Disclaimer: Any information found on this page is not to be considered as
financial advice. You should do your own research before making any decisions.

Michael Saylor on BTC Price Projections

Takeaways from three interviews of Michael Saylor

In the first video, posted on 1/11/2021, Michael Saylor sees:

  • Price of bitcoin reaching \$500,000 once it fully demonetizes gold.
  • 50% to 75% of \$300T to \$350T of monetary energy currently parked in cash, sovereign debt, bond index funds, stock index funds, and real estate index funds is just looking for a store of value.
  • Total value locked in bitcoin (IE, market cap of bitcoin) eventually growing to somewhere between \$100 trillion and \$300 trillion as it demonetizes those other assets that are currently being used as a store of value.
    • This implies a price in the range of \$4.8M to \$14.3M per coin in today’s dollars.

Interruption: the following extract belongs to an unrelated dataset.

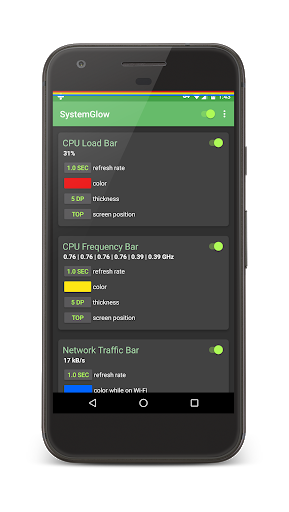 3 configurable bars overlay the top or bottom of the screen and glow in and out of opacity as activity changes.

In the second video, posted 7/9/2021, Saylor says:

  • 100% returns per year in bitcoin will not continue forever. Eventually the law of large numbers will kick in and annual bitcoin returns will decrease.
  • No reason why the bitcoin market cap won’t flip the \$10T gold market cap.
  • Bitcoin will absorb 10% and even 30% of the value currently locked in bonds and the global equity market, which is just looking for a store of value.
  • Eventually, the bitcoin market cap will go to \$10T, \$20T, $40T, and even \$80T.
    • This implies per coin prices of \$480,000, \$950,000, \$1.9M, and \$3.8M, respectively.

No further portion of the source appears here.